[Start of Attachment]
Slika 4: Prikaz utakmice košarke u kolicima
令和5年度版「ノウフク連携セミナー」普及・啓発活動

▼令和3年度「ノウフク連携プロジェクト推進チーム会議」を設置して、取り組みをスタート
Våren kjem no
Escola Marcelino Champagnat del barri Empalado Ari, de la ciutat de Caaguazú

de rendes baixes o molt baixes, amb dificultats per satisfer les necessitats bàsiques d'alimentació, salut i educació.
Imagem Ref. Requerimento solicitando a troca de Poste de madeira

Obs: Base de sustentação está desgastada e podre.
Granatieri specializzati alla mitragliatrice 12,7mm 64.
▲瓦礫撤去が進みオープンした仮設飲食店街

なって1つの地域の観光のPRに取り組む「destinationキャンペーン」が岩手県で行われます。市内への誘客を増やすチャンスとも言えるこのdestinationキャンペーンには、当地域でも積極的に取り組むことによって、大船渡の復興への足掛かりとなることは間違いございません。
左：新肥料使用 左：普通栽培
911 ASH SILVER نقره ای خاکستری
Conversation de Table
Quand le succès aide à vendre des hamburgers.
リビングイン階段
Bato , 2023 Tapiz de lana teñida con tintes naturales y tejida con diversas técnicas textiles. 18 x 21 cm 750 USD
[End of Attachment]
[Start of Attachment]
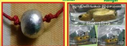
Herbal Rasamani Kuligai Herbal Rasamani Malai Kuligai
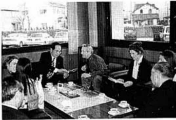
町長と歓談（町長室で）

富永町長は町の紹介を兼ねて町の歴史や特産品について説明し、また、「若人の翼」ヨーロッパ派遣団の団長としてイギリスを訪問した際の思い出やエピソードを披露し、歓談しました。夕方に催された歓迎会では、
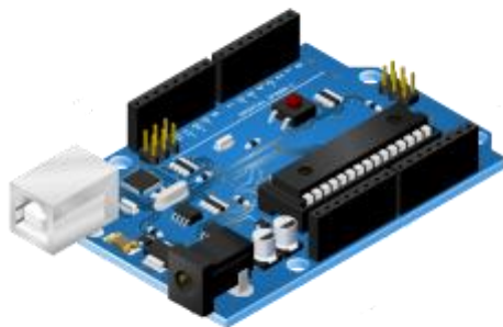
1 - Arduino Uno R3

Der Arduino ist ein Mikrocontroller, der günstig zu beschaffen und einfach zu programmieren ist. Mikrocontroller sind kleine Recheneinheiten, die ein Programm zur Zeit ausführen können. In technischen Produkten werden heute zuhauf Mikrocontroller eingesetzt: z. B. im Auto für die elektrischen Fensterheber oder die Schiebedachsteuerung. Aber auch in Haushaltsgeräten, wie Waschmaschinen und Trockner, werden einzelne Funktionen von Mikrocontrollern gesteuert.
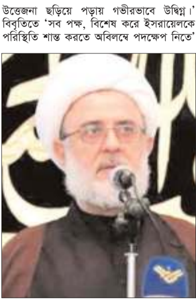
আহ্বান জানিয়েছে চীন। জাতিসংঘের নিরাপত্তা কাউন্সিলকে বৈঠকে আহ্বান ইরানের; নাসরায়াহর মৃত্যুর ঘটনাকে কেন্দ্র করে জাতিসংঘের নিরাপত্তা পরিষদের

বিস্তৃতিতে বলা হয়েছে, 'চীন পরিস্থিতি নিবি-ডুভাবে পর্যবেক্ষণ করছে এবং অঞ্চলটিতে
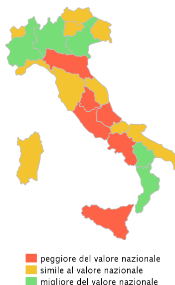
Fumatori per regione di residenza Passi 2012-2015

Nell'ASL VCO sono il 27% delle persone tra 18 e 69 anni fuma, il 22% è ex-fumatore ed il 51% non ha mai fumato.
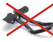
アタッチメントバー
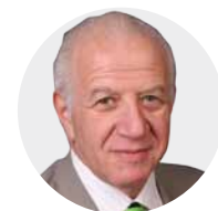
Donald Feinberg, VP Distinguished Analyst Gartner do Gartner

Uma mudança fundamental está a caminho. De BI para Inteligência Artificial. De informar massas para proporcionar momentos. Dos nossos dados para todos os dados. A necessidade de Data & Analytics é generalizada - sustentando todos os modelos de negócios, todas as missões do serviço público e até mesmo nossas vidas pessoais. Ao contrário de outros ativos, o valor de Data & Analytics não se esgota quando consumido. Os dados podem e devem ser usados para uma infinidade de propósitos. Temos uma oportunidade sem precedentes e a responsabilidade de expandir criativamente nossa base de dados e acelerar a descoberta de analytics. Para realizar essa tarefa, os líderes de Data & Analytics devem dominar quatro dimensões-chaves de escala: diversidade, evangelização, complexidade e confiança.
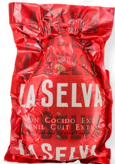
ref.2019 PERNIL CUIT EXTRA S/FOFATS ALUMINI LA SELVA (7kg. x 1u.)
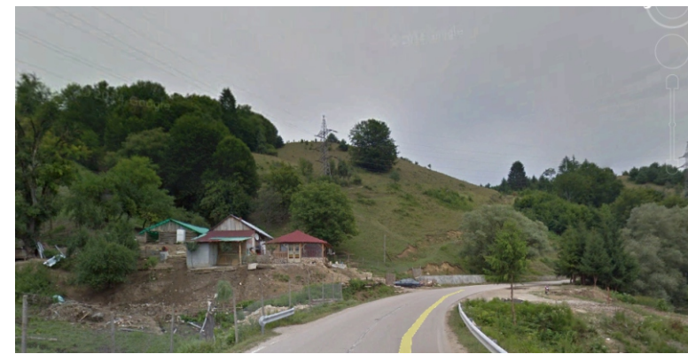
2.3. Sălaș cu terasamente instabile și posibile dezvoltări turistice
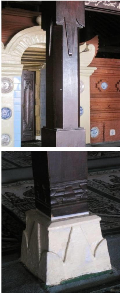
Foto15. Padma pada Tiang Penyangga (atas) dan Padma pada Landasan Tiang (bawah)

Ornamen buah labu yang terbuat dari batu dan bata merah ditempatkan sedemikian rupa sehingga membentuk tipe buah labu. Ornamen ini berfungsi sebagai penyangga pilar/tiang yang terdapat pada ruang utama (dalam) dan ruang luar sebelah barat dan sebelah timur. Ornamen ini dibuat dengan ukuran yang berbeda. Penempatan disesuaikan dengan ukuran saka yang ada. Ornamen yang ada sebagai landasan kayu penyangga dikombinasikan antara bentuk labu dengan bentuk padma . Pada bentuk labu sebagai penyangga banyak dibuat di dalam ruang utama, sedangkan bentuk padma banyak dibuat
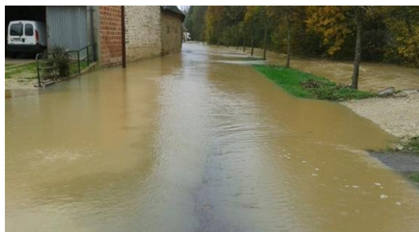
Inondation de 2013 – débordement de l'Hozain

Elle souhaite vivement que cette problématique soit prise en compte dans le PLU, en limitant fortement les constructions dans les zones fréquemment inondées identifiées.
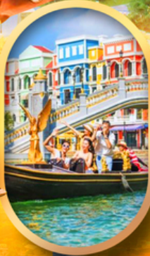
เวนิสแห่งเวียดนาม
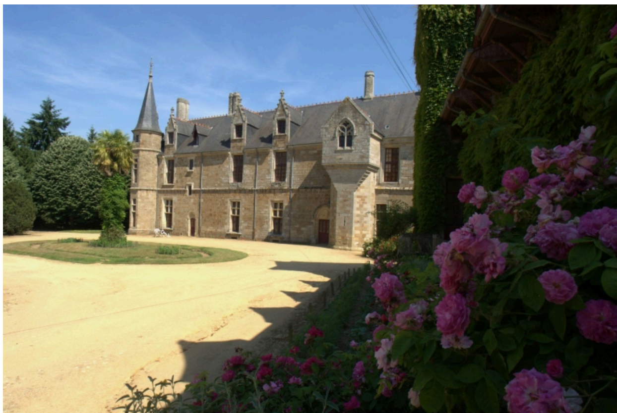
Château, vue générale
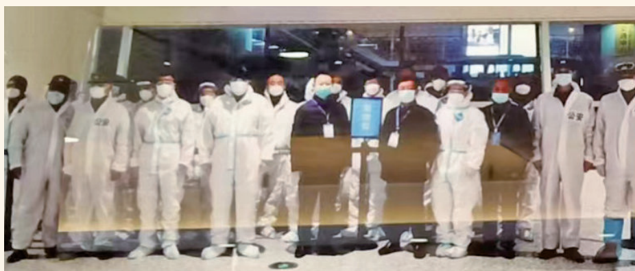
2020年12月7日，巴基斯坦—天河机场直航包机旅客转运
[End of Attachment]
[Start of Attachment]
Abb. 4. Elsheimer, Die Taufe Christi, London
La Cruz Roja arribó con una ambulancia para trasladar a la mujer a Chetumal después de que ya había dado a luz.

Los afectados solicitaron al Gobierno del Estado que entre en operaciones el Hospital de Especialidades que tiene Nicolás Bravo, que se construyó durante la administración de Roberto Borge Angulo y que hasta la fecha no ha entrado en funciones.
[End of Attachment]
WHAT YOU HAVE TO DO: Take the lines above from the one containing "左：新肥料使用 左：普通栽培" to the one containing "Bato , 2023" and retype them exactly, both ends included, with nothing added.

ANSWER BELOW:
左：新肥料使用 左：普通栽培
911 ASH SILVER نقره ای خاکستری
Conversation de Table
Quand le succès aide à vendre des hamburgers.
リビングイン階段
Bato , 2023 Tapiz de lana teñida con tintes naturales y tejida con diversas técnicas textiles. 18 x 21 cm 750 USD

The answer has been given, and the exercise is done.